▸ What you will do
Pictures excluded, set down exactly the lines from the one containing "7.2.10 Buy Stamford" through the final line of the material, and only those.

▸ The data

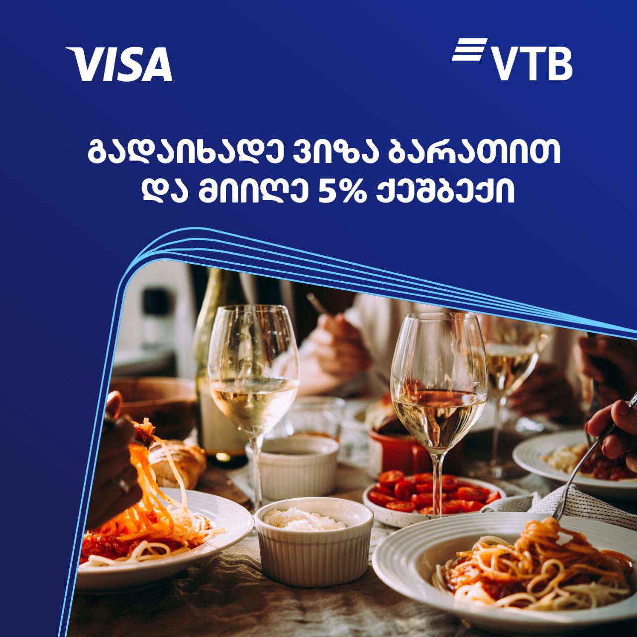 5% CASHBACK საკვებ ობიექტებში „ვითიბი ბანკის“ Visa ბარათით გადახდისას
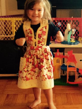 Here is my little Lily wearing her first apron, which has apples on it!  |
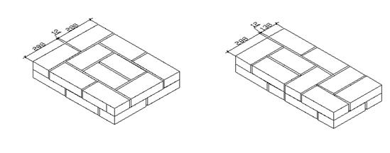 2. Вычерчивают контуры наружных и внутренних несущих стен и колонн (если они имеются). При этом оси проходят по контуру стены, либо смещены внутрь стены на 100 мм, либо проходят посередине стены. Наружные и внутренние несущие стены имеют толщину в 2 или 1,5 кирпича соответственно. Это означает, что 2 или 1,5 кирпича (по длине) укладываются поперек стены (см. рис.7,8)
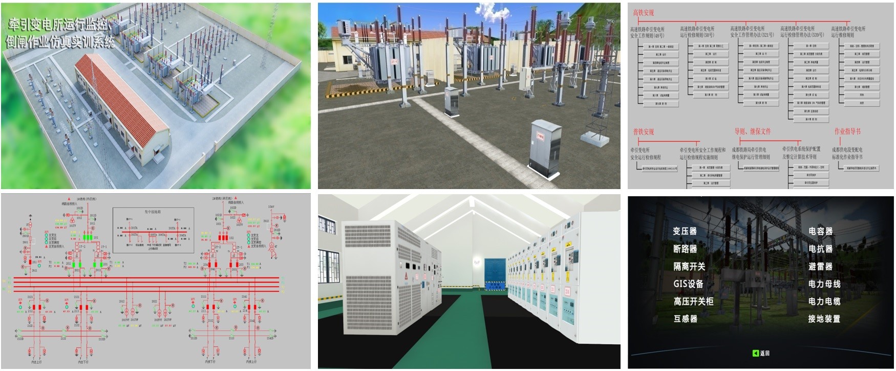 以鐵路變配電所、分區所為模型進行全三維仿真的基礎上,增加滴流磴變配電所典型配電設備,建立一套全方位、全過程、全場景的高逼真度、交互式變配電所仿真培訓模擬系統,以滿足變配電所運維人員的運行、檢修維護、安全管理等方面技能、技術培訓的需求。例如巡視(變配電一體巡視)、倒閘(變配電一體倒閘,例如110/10kV動力變系統停電)、檢修試驗、故障模擬等,均將變電與配電視為一個整體進行仿真,完全還原公司管內普鐵變配電所真實運行情況。
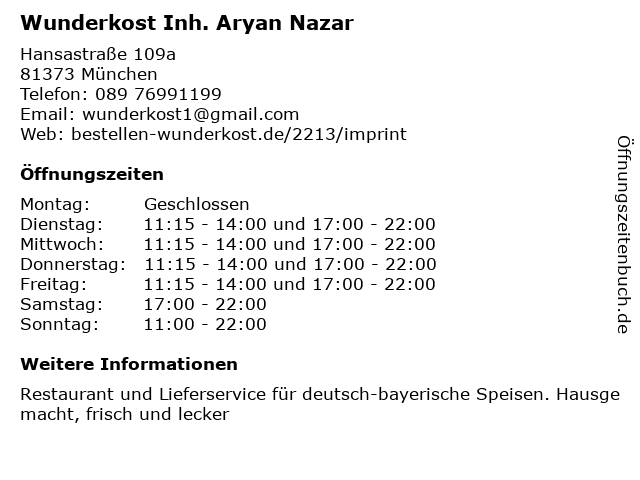 | Öffnungszeiten Wunderkost Inh. Aryan Nazar in München anzeigen | |
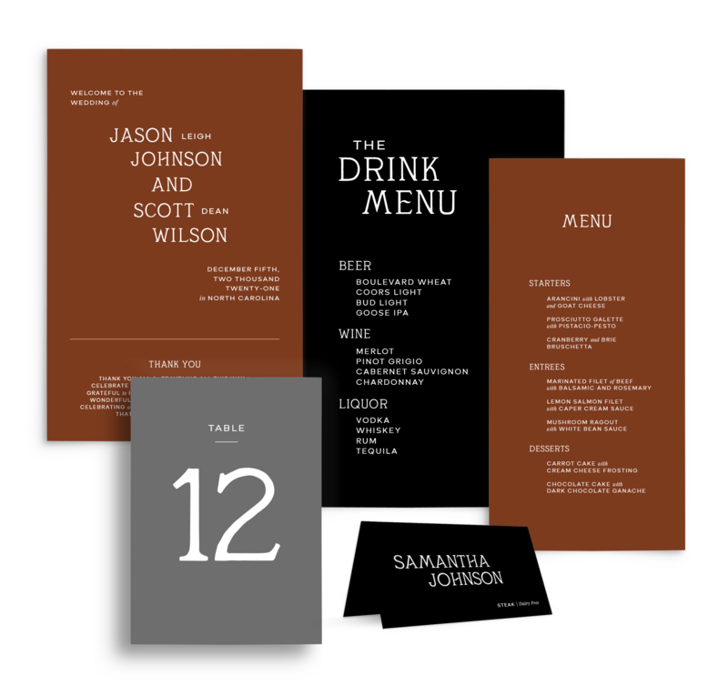 Photos and mockups of past E+W couples' wedding stationery and how they chose to customize the Manhattan design.
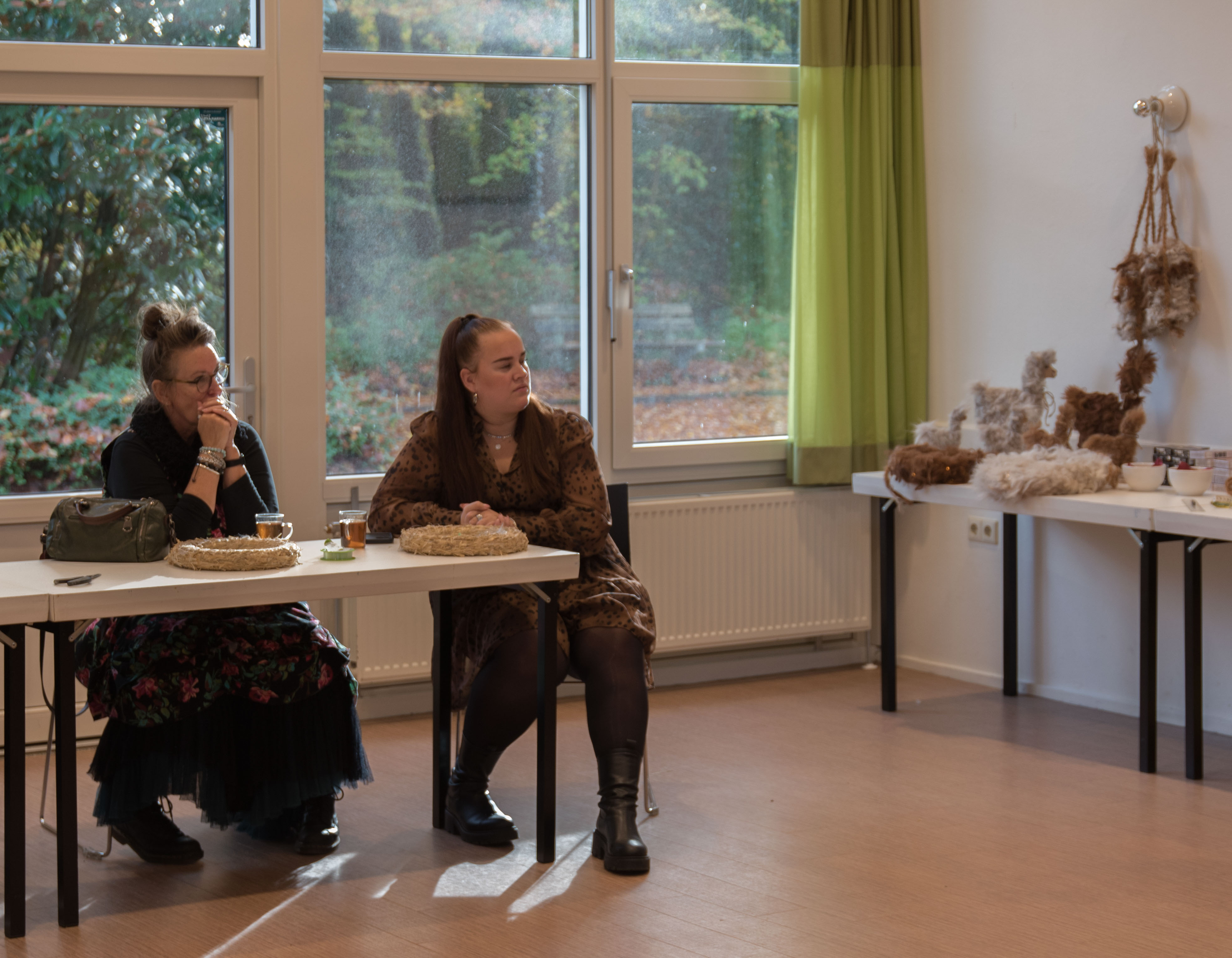 De deelnemers aan deze workshop gingen aan de slag met het maken van een krans die bekleed werd met alpacawol.
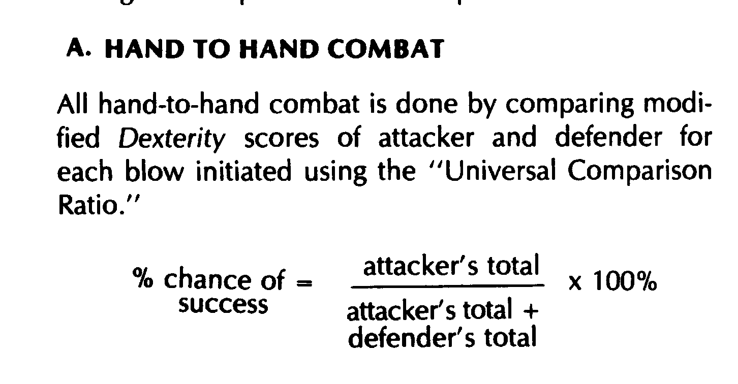 From what I can see, Superhero 2044 wasn’t the only game to influence Supergame’s combat systems. The melee combat system echoes elements of Runequest’s/Basic Role Playing’s “resistance” table which compares intensities to get a percentage likelihood of success. Where Runequest uses a skill system with percentile based proficiency by weapon/category for melee combat, it uses a comparison table for the effectiveness of poisons/magical effects on individuals where you compare intensity to a stat to get the percentage chance to resist the effect.
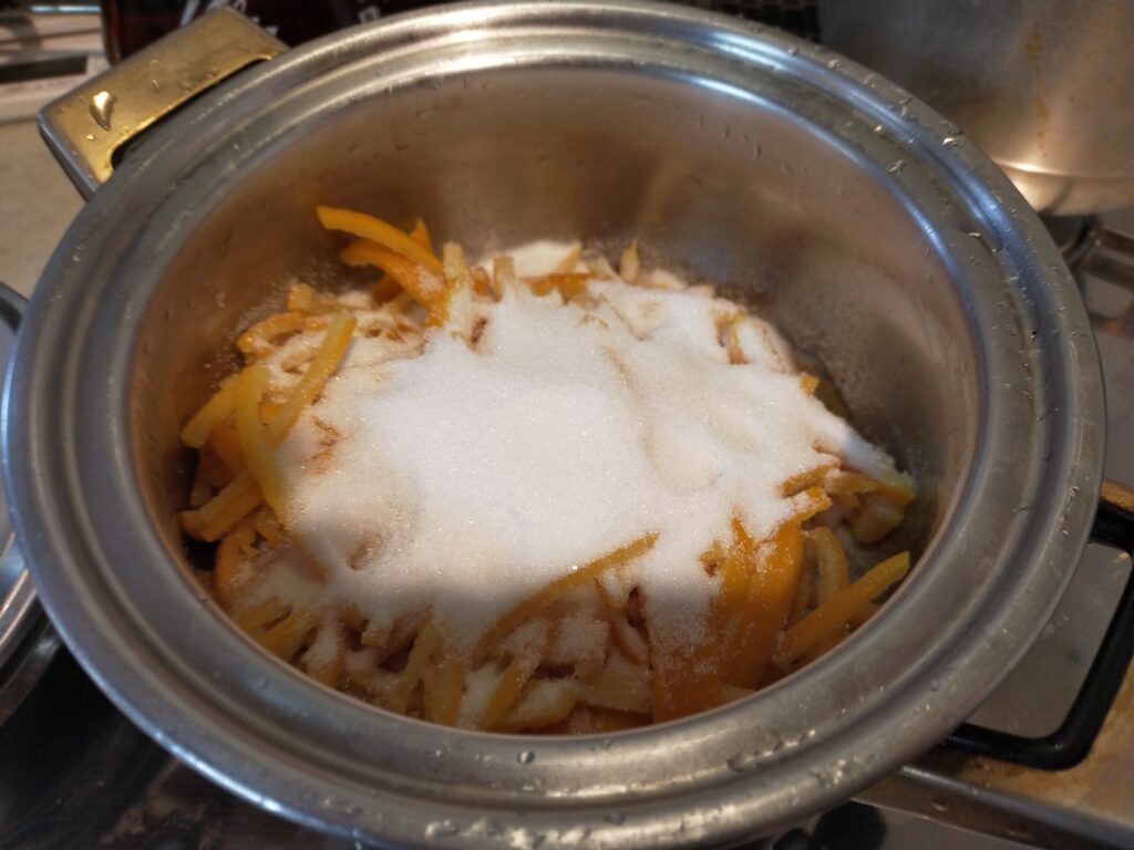 皮は千切りにしてグラニュー糖をまぶします。
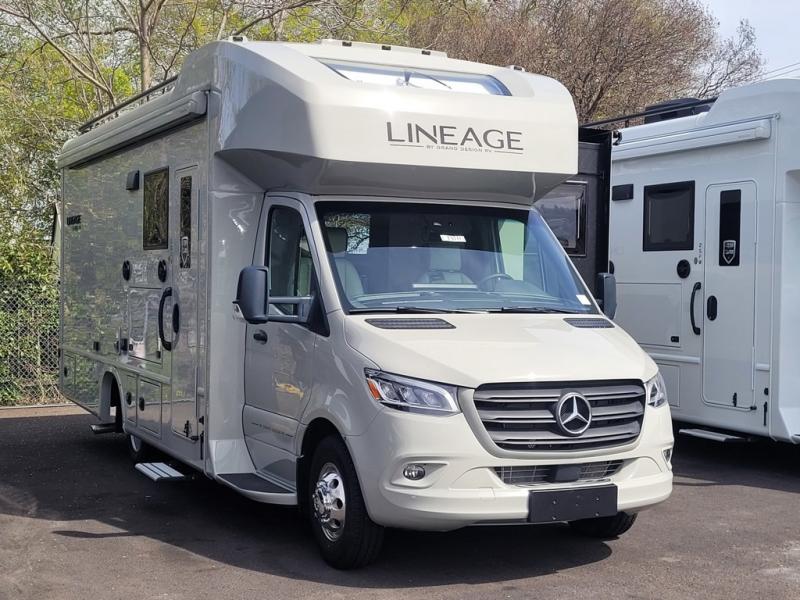Grand Design's first motorized coach, the Lineage Series M is coming to you with luxurious features at a great value. This Class C diesel motorhome sits on a Mercedes-Benz sprinter chassis for quality and performance you can trust. True to Grand Design's foundation, the Lineage includes interior comforts, durable construction, innovative features, and attention to detail. The Series M Package includes natural teak wood grain, a Lineage Suspension Package, and more. There is also a Blackout Package with black aluminum wheels, a Chromeout Package with chrome aluminum wheels, plus additional packages to enhance your travel experience!
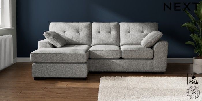 7.2.10 Buy Stamford Buttoned Back Small Sofa Chaise - Left Hand Chunky Boucle Easy Clean Light Grey Large Square Angle - Dark from the Next UK online shop Click here to use our accessible website
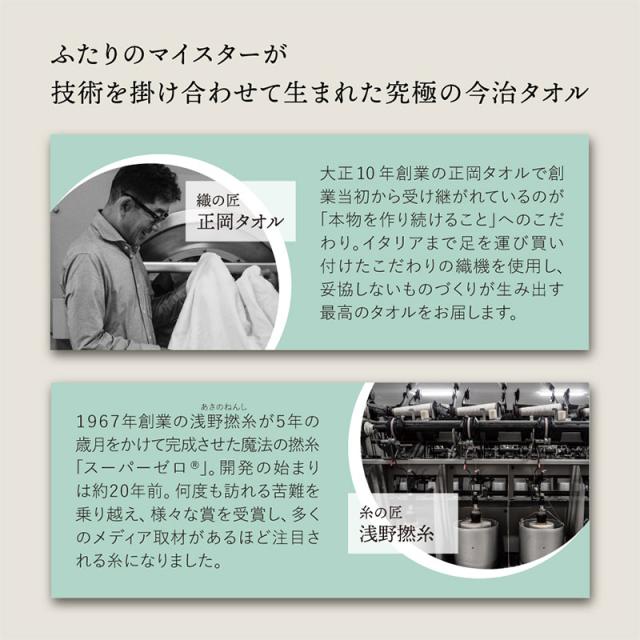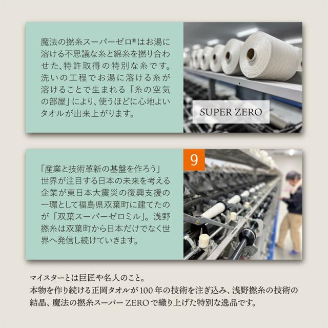 世界が注目する魔法の撚糸「スーパーZERO(R)」に100年の技術を注ぎ込み織り上げた、心地よさが長続きする魔法のようなタオルです。

▸ Task output
 7.2.10 Buy Stamford Buttoned Back Small Sofa Chaise - Left Hand Chunky Boucle Easy Clean Light Grey Large Square Angle - Dark from the Next UK online shop Click here to use our accessible website
 世界が注目する魔法の撚糸「スーパーZERO(R)」に100年の技術を注ぎ込み織り上げた、心地よさが長続きする魔法のようなタオルです。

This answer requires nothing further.